Хрупкая гармония была нарушена, и теперь напряженные, измученные взгляды «тружеников» перебрасывались с эльфов на вершину повозки, где бесновался оратор. А тут еще женушка Жадбы бесновалась, требуя, чтобы ей вернули сладости, и, чтобы продолжали казнь…
Появился отряд лучников. Впереди них шли воины с клинками — расчищали дорогу. Толпа раздавалась в стороны, но, порой, слишком медленно — раздавили нескольких малышей, даже многим взрослым переломали в этом месиве ребра. И вновь появились перекошенные, окровавленные лица…
— С дороги! — завопил предводитель отряда лучников, и последние ряды расступились, образовывая проход, с одной стороны которого поднимались луки, а с другой — стояли, подобные великанам эльфы.
Тогда вперед вышла эльфийская дева. Она плавно подняла свои воздушные, увитые белесым сиянием руки, запела:
— Люди, люди — любите. Не делайте друг другу и себе больно враждою. Милые мои, как вы прекрасны, как ясны, когда восторгаетесь. Вы похожи на младенцев пред которыми вся жизнь.
— …Не то ли свет, о чем поется, Во многих песнях о любви? А что любовию зовется, То знают только соловьи…Вновь заговорил черноволосый эльф:
— Мы несем вам свободу.

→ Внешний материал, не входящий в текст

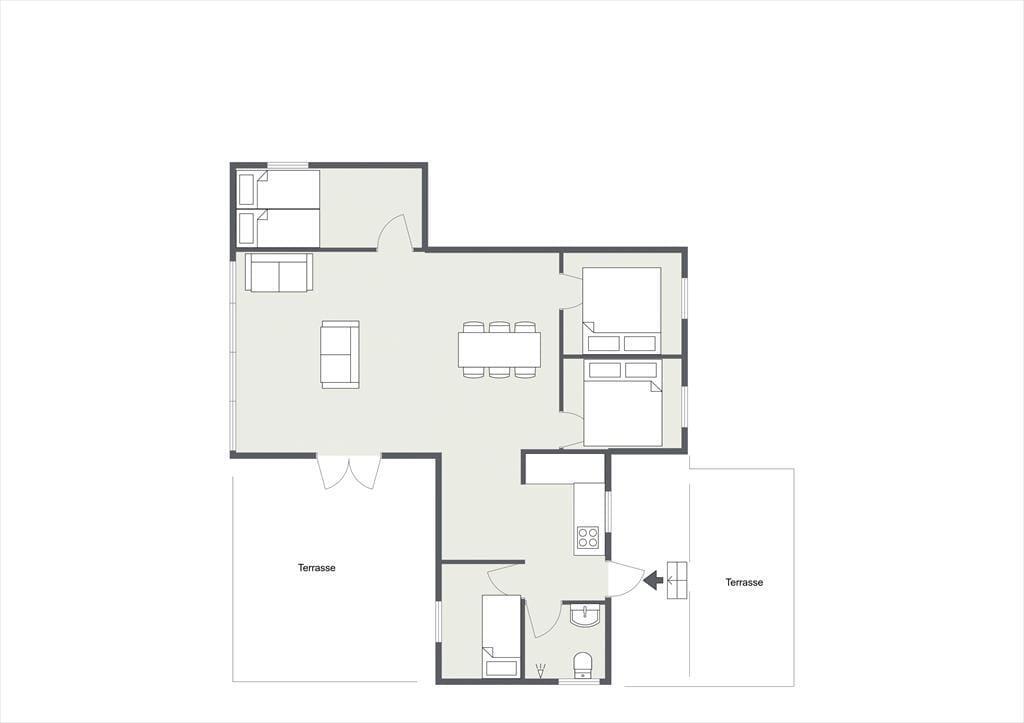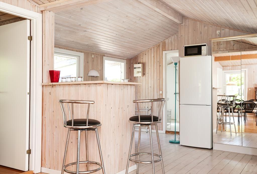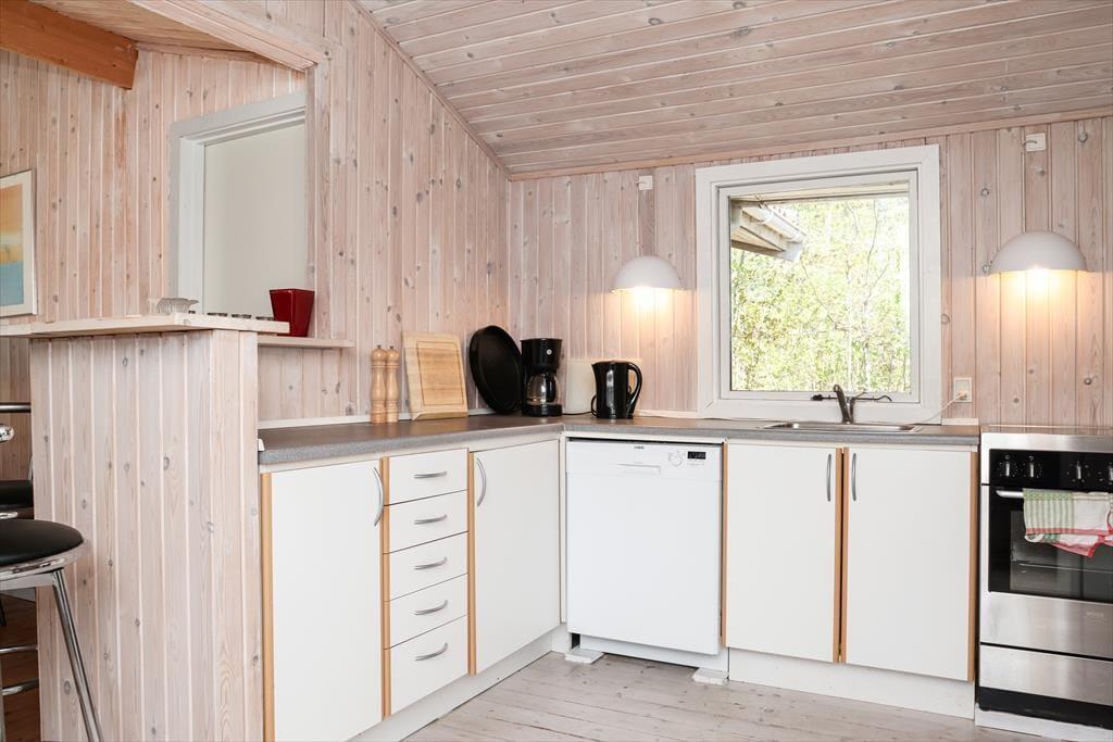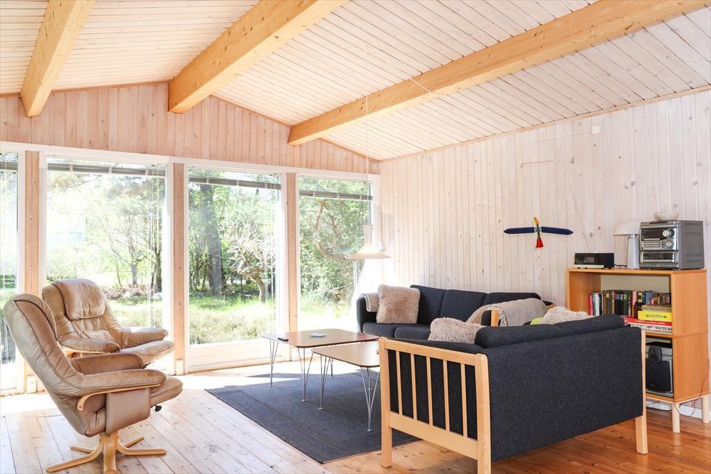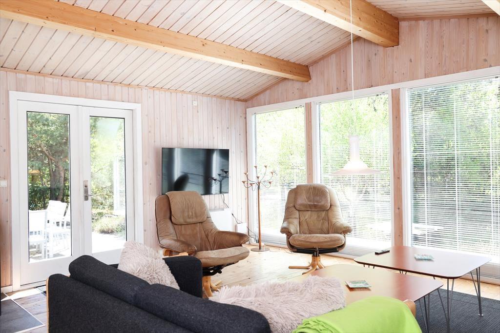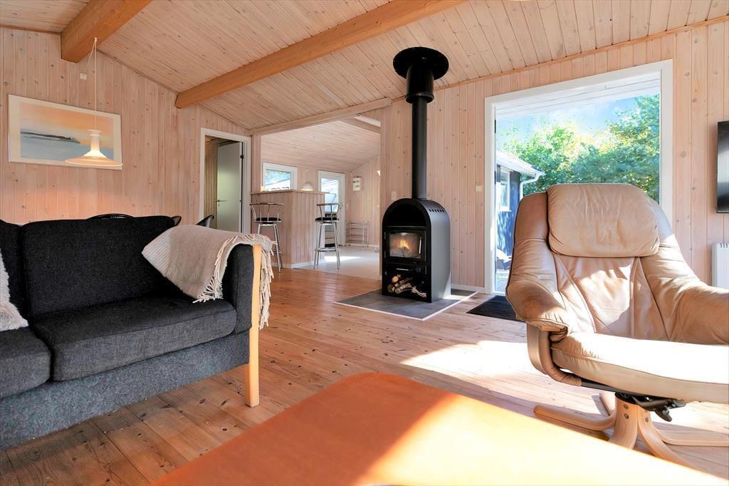Dieses schöne Ferienhaus ist im Innenraum hell und geräumig. Um den Couchtisch herum gibt es gemütliche Sitzplätze für alle Mitreisenden. Von hier aus genießt ihr die Aussicht in den grünen Garten durch die große Fensterpartie. Ob ihr gemeinsam kocht oder du das Kochen alleine übernimmst, so nimmst du dennoch Teil an der Gruppendynamik, da die Küche offen mit dem Wohnraum verbunden ist.

Мы многое вам хотим рассказать; хотим и подарки — книги принести…
Страшно завизжала женушка Жадбы — дело в том, что она, переворачивая лавки, скатилась на мостовую, и довольно сильно ударилось. Теперь вот вопила: «Убивают! О-о-а — спасите!» — вопила она так не потому, что испытывала какое-то особенно неприязненное чувство к эльфов — такового чувства она и не могла испытывать — блеклое ее, залитое сладостями сознание понимало лишь одно: появились «Враги» — зрелища не будет — пропали сладости — все для нее было связано.
У лучников уже натянуты были тетивы; однако, когда вышла вперед эльфийская дева, они поняли, что несмотря ни на что, стрелять в нее не смогут. Один из них даже повел лук вверх, намериваясь выпустить стрелу в небо. Однако ж, как раз в это время начала вопить женушка, а оратор на большой повозке, все еще с закрытыми глазами, с дрожью выкрикнул:
— Бей врага!
И тогда тот самый стрелок, который намеривался выпустить стрелу в небо, страшно испугался, что его обвинят в предательстве и самого выведут на этот помост. И он в одно мгновенье нацелился в деву, зажмурился, заскрипел зубами — выпустил стрелу.

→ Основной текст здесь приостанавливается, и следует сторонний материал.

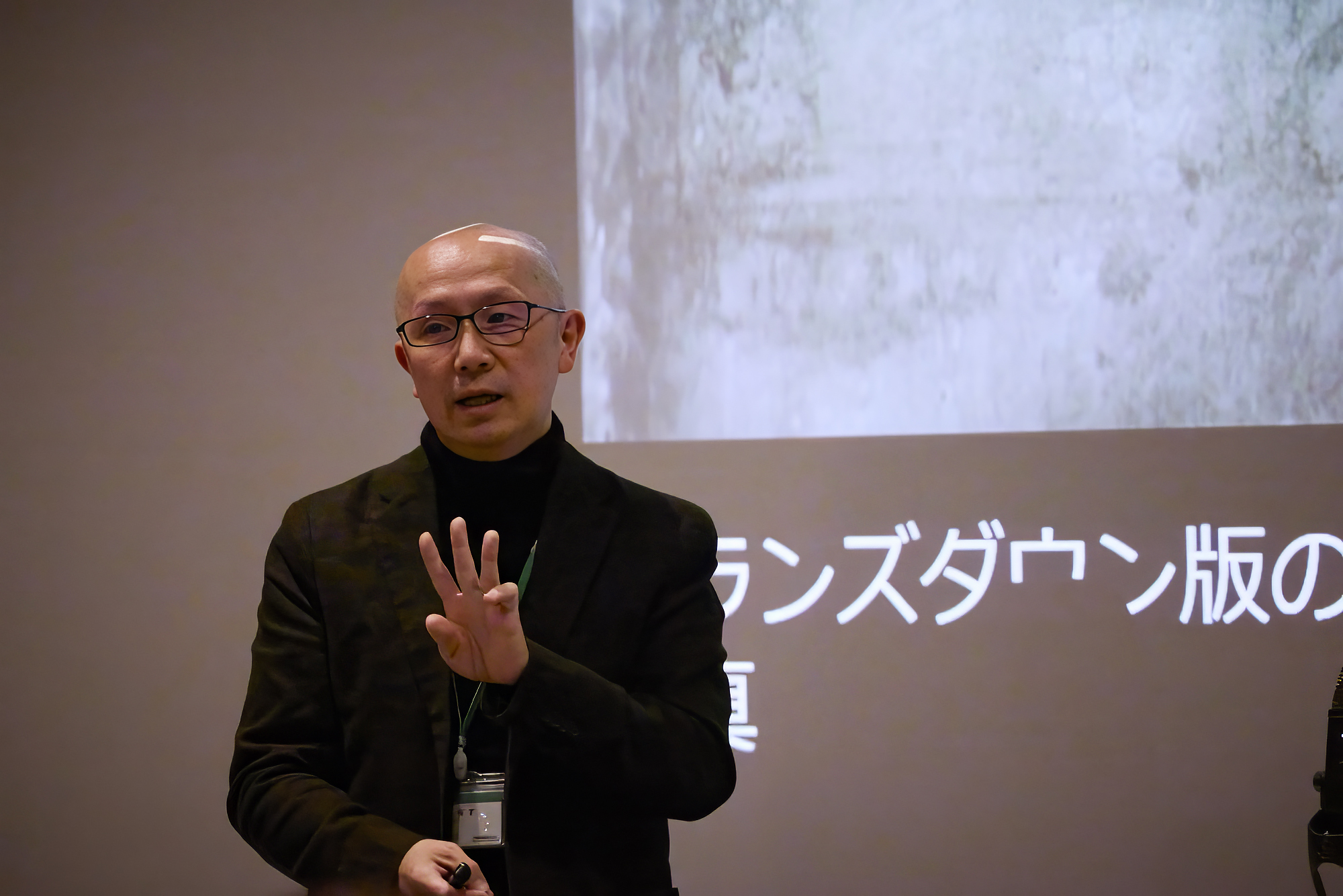 今回のイベントをさらに特別なものにしたのが、二人の著名な美術史家による講演とトークセッションでしょう。初めに登壇したのは、レオナルド・ダ・ヴィンチの作品復元プロジェクトなどにも携わる池上英洋氏(東京造形大学教授。写真下)。西洋美術と東洋美術、それぞれの復元の在り方や意義を比較しながら、デジタル技術がもたらす新しい美術作品復元の可能性について語りました。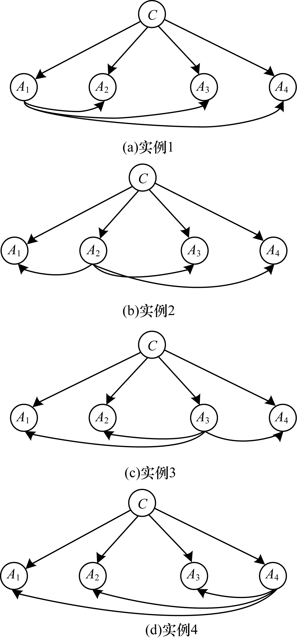 1.1 一依赖估测器模型建模ODE模型在建模过程中, 对每一个属性节点构建了一个特殊的树扩展贝叶斯网络拓扑结构, 每个拓扑结构就是一个ODE分类器,ODE分类器的个数取决于属性变量的个数。在每个ODE模型中, 类变量是所有属性变量的父亲节点。同时,遍历每个属性节点作为父亲节点构建多个树拓扑结构, 在每个树结构中每个属性有且仅有一个属性父亲节点。假设属性变量个数为4, AODE模型结构如图 2所示。其中, A1、A2、A3、A4表示4个属性变量, C表示类变量, 其是每个属性节点的父亲节点。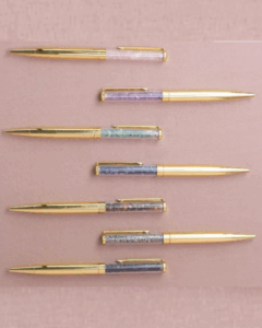 Caneta esferográfica de tinta azul com pedras naturais em formato cascalho. Com acabamento dourado é uma peça ideal para presentear e ter a energia das pedras naturais em suas mãos. Acompanha embalagem em acrílico transparente e etiqueta com QRcode para mais informações sobre o produto. É possível substituir a carga da caneta.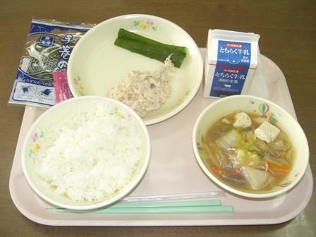 本日の献立メニュー:牛乳、ご飯、ブリの冬がすみ焼き、即席漬け、どさんこ汁、ふりかけ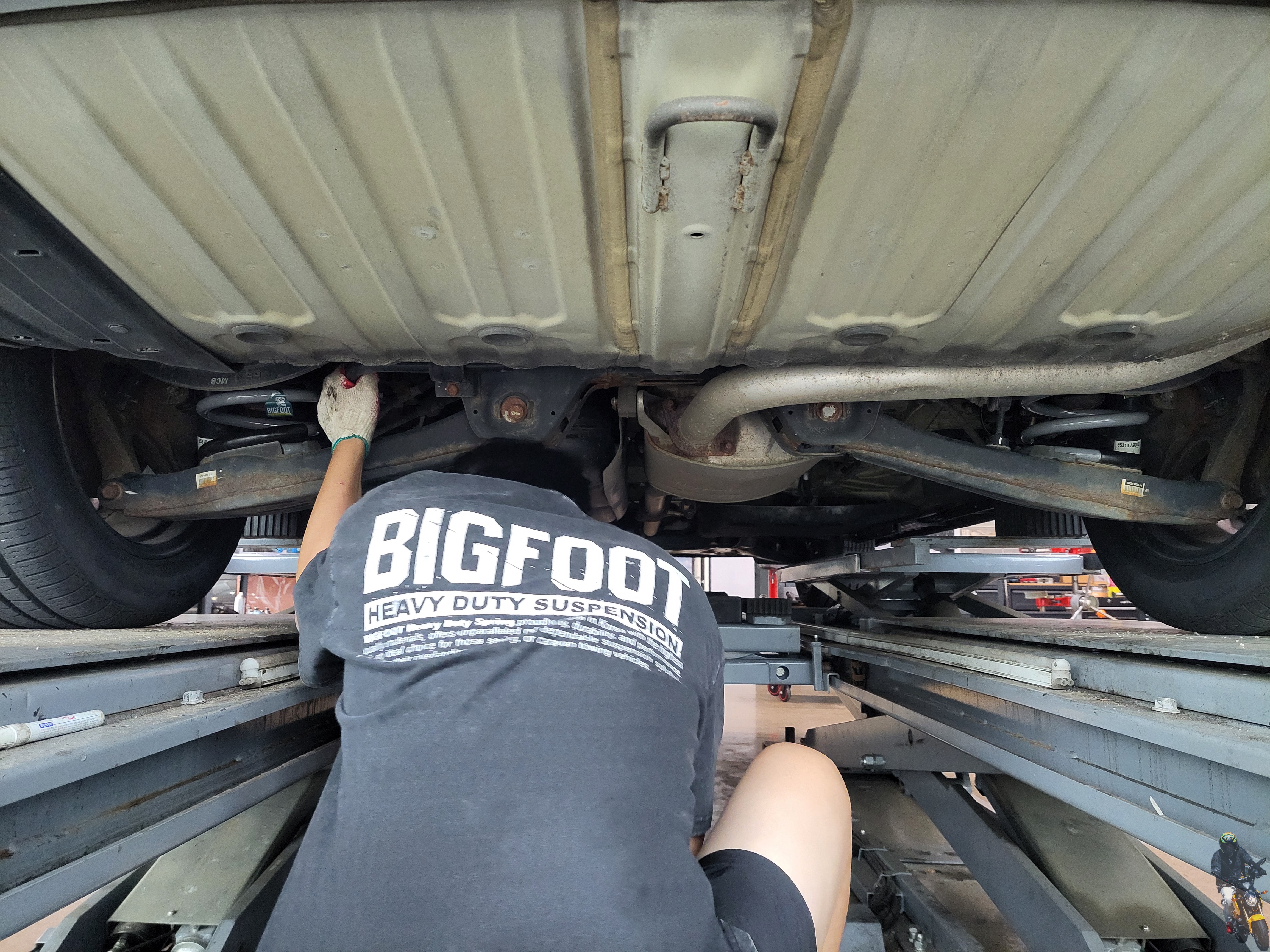 빅풋스프링을 차량에 장착하고 볼트너트를 조이고 있습니다

В это же мгновенье, из-за стены Питейного двора вылетела густая черная туча. Она подобна была громадной волне, которая незаметно подкралась, и теперь бросилась, чтобы раздавить город. Ветер стал леденящим, от чего многих стала пробирать дрожь. Стало темно, как в поздние осенние сумерки, начался ледяной ливень, едва ли не снег. А вот и град пошел, и хлестал их по лицам, по плечам. Туча опустилась совсем низко; едва ли не задевала стены питейного двора.

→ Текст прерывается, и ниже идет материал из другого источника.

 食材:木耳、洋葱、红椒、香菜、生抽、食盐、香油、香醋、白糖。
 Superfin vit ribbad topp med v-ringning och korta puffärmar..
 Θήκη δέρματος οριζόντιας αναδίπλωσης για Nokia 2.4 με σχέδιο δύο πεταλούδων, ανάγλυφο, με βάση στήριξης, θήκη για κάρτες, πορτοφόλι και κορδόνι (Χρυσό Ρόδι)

Женушка Жадбы, вся в слезах, ничего не видя, била кулачками придворного и требовала, чтобы вернули ей сладости, и начинали поскорее казнь.
Кто-то схватил ее за плечи и, рывком подняв, зашипел со страхом:
— Тише, ваше величество!..
Тогда она прекратила кричать, уткнулась ему лицом в плечо, и глухо зарыдала.
Все холоднее становилось. И бил, и выл и стонал осенний ветер.
Но вот в этом ревущем, ледяном мраке поднялся один голос:
— Не в том ли свет, что сердцу мило, Что спало долго — не всегда, К чему вы всей душевной силой, Росли чрез темные года? Вы посмотрите — жизнь прекрасна, И пышный август на дворе. И песня детства не напрасна, Взгляните в очи детворе!Конечно — это пела эльфийская дева. И вот очи всех — тысячи очей с надеждой устремились к помосту. Все эльфы стояли также, как и раньше — окруженные аурой света; смотрящие на них с любовью, с нежностью. А впереди всех стояла она — по прежнему протягивала к ним руки…
Внимательнее всего в ее черты вглядывались лучники. Они надеялись на прощенье — и поняли, что их не прощали, так как и не осуждали ни на мгновенье. Дева смотрела на них все с таким же чувством, как на братьев своих.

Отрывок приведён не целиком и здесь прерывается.